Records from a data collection
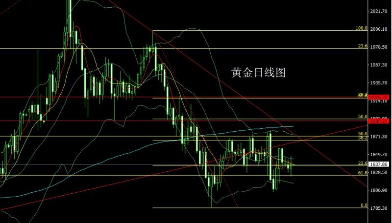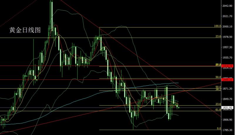 昨日黄金市场延续了周一阴包阳后的回落压力,早盘开盘在1820.3的位置后行情先回落给出1809.8的位置后行情快速拉升,日线最高触及到了1831.7的位置后行情回落,美盘最低给到了1804.7的位置收线,日线以一根上影线很长的中阴线收尾后,今日的行情依旧高空等待明晨数据,点位上,昨日1823的空止损跟进在1826持有,今日的行
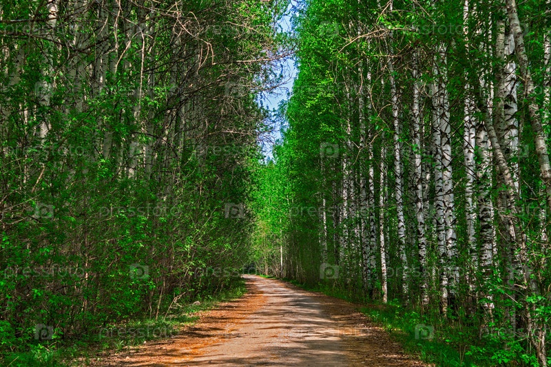 Пейзаж с красивой березовой и тополиной аллеей в солнечный летний день
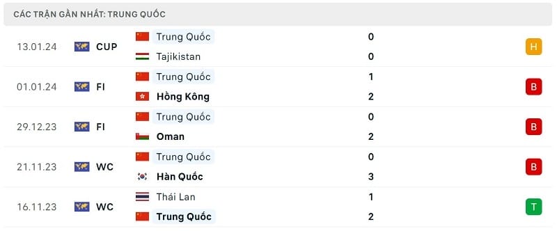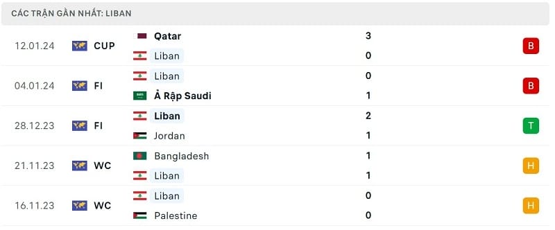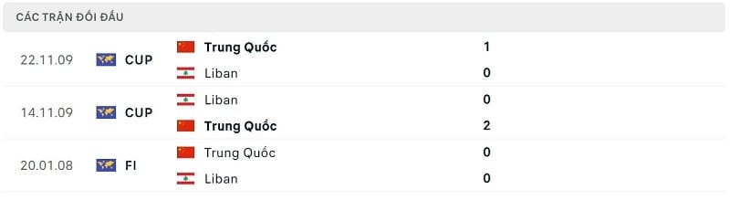 Thành tích đối đầu Lebanon vs Trung Quốc:
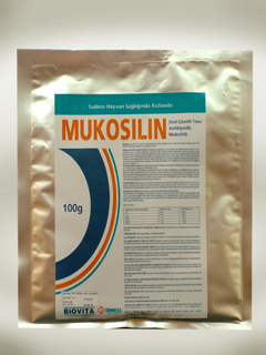 MUKOSİLİN BİLEŞİMİ Beyaz renkli ince bir toz olan 100 g mukosilin; 14 g amoksisilin trihidrat ve 0.5 g bromheksin hidroklorür içerir. (%14 amoksisilin trihidrata eşdeğer %12.19 amoksisilin baz içerir) KULLANIM SAHASI/ENDİKASYONLARI Mukosilin, etçi tavuk ve hindilerde, amoksisiline duyarlı bakterilerin meydana getirdiği Kolibasillozis, pullorum, tifo, paratifo, enfeksiyöz koriza, listeriozis, klostridiyal enfeksiyonlar başta olmak üzere diğer solunum, sindirim ve ürogenital sistem hastalıklarının ve viral enfeksiyonlara sekonder olarak oluşan enfeksiyonların tedavisi amacıyla içme suyuna karıştırılarak uygulanır. KULLANIM ŞEKLİ VE DOZU Günlük amoksisilin dozu; 20 mg/kg canlı ağırlık/gündür. Uygulama içme suyuna katılarak yapılır. Tedaviye, hastalığın şiddetine bağlı olarak 3-5 gün devam edilebilir. İlacın hemen tüketimini sağlamak için, ilaç uygulamasından 2 saat önce hayvanların önünden içme suyu çekilir. Önerilen günlük doz; 1-2 litre suda iyice çözündürüldükten sonra, hayvanların 2 saat içinde tüketebilecekleri miktarda suya eklenip, karıştırıldıktan sonra verilir. Pratik doz tablosu:
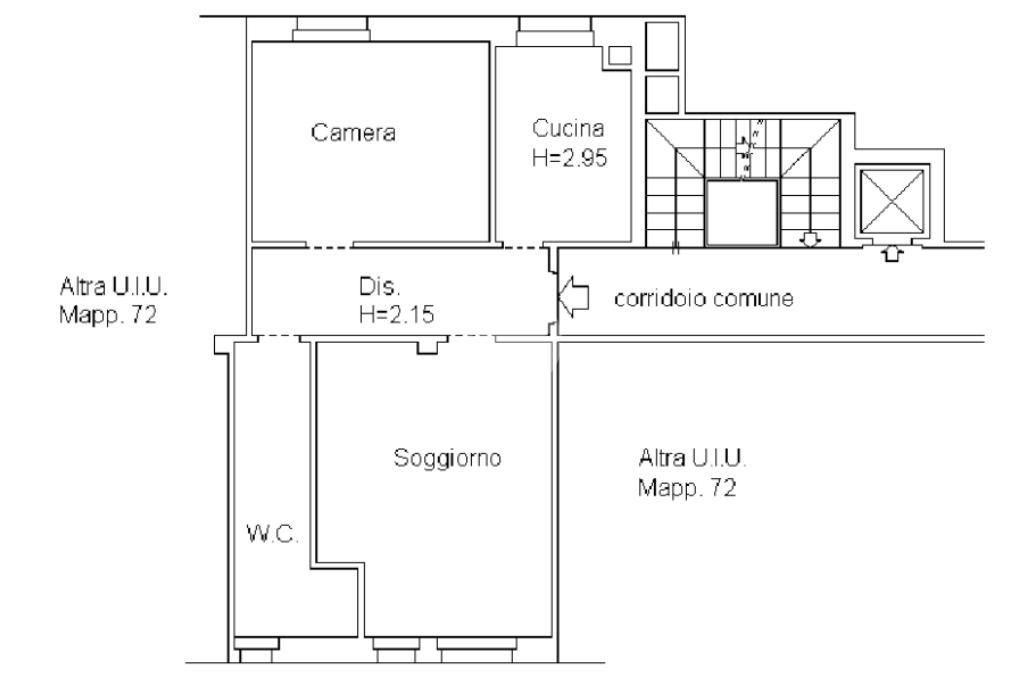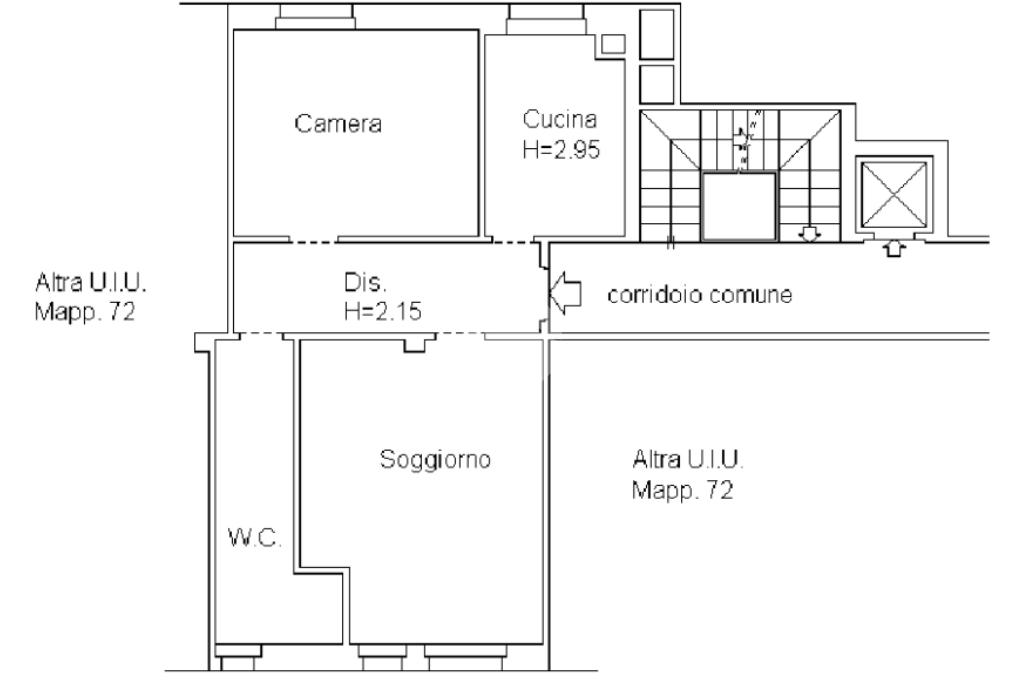 L'appartamento risulta essere così composto: Ingresso in disimpegno che permette l'accesso ai vari ambienti della casa, dove troviamo in primis, subito sulla destra la cucina abitabile con piacevole affaccio sulla Corte Interna.
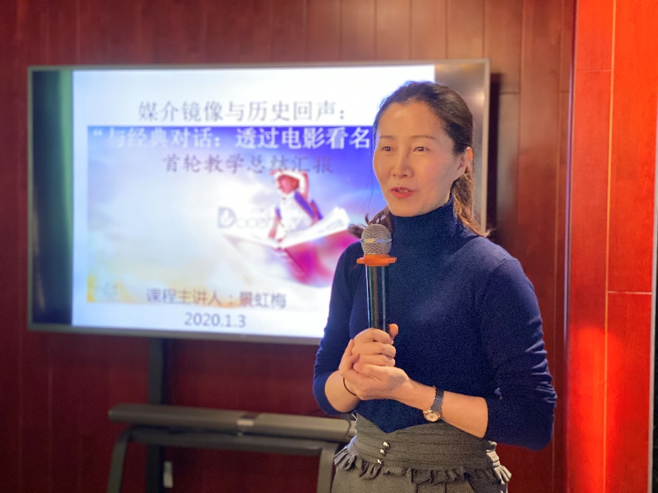 景虹梅副教授的汇报主题是“媒介镜像与历史回声:‘与经典对话:透过电影看名著’首轮教学总结”,阐述了该门课程如何通过文学原著和电影改编版本的“对比”,建立跨媒介、跨时代和跨文化的“对话”,并强调应该让员工带着问题去“看”,去思考,通过经典作品中伟大的作家、艺术家的发现,启发和打开员工感受和理解世界、人生、人性之奥妙的触角和视野,使之更敏锐、更广阔、更深远。
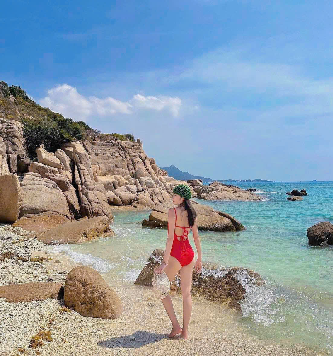 Quý khách tắm biển thư giãn ngắm biển tại Bãi Nồm hoặc bãi Nhà Cũ trên đảo Bình Ba.
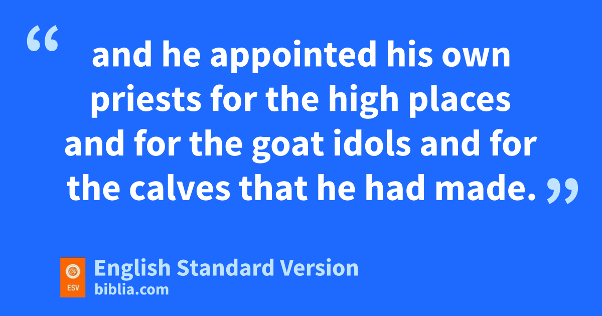 13 And the priests and the Levites who were in all Israel presented themselves to him from all places where they lived. 14 For the Levites left ptheir common lands and their holdings and came to Judah and Jerusalem, qbecause Jeroboam and his sons cast them out from serving as priests of the Lord, 15 and he appointed his own rpriests for the high places and for the goat idols and for sthe calves that he had made. 16 tAnd those who had set their hearts to seek the Lord God of Israel came after them from all the tribes of Israel to Jerusalem to sacrifice to the Lord, the God of their fathers. 17 uThey strengthened the kingdom of Judah, and for three years they made Rehoboam the son of Solomon secure, for they walked for three years in the way of David and Solomon.
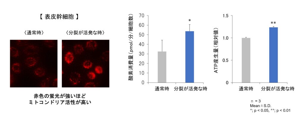表皮幹細胞が細胞分裂を行い、新しい表皮細胞を生み出すことで皮膚が再生されます。表皮幹細胞のエネルギー代謝を詳しく解析したところ、細胞分裂が活発な時ほど、細胞内のエネルギー産生器官であるミトコンドリアの活性が高まることがわかりました。さらに、分裂が活発な状態では、酸素の消費量とエネルギー源であるATPの産生量も増加することが確認されました(図3)。
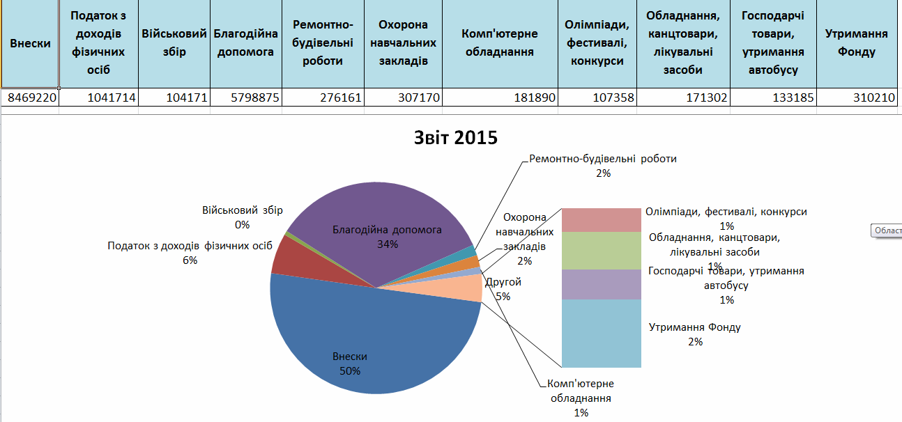 За звітний період надходження благодійних внесків становило 8 469 220 грн. Так у 2015 році більш ніж значна частина коштів, а саме 82 % від надходження благодійних внесків, пішла на забезпечення фінансової підтримки вчительства, вихователів та адміністративно-господарському персоналу.
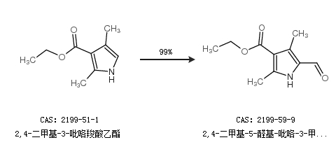 1.通過2,4-二甲基-3-吡咯羧酸乙酯合成2,4-二甲基-5-醛基-吡咯-3-甲酸乙酯,收率約99%;
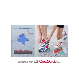 LG One:Quick Share je bezdrátové řešení pro sdílení obrazovky dostupné prostřednictvím řady UL3J, přenosové jednotky USB a její aplikace. Obrazovku osobního počítače můžete jednoduše sdílet s displejem pomocí tlačítka USB dongle a vestavěného Wi-Fi* a můžete upravit základní hodnoty nastavení (hlasitost, režim obrazu, automatický jas atd.) připojeného displeje bez dálkového ovládání. Režim Office Meeting Mode** vám také pomůže zobrazit agendu, poznamenejte si před zahájením schůzky.

> [Task details]: Restate the data word for word from its first line through the line with "Thành tích đối", leaving out any picture along the way.

> [Exercise response]:
 昨日黄金市场延续了周一阴包阳后的回落压力,早盘开盘在1820.3的位置后行情先回落给出1809.8的位置后行情快速拉升,日线最高触及到了1831.7的位置后行情回落,美盘最低给到了1804.7的位置收线,日线以一根上影线很长的中阴线收尾后,今日的行情依旧高空等待明晨数据,点位上,昨日1823的空止损跟进在1826持有,今日的行
 Пейзаж с красивой березовой и тополиной аллеей в солнечный летний день
 Thành tích đối đầu Lebanon vs Trung Quốc:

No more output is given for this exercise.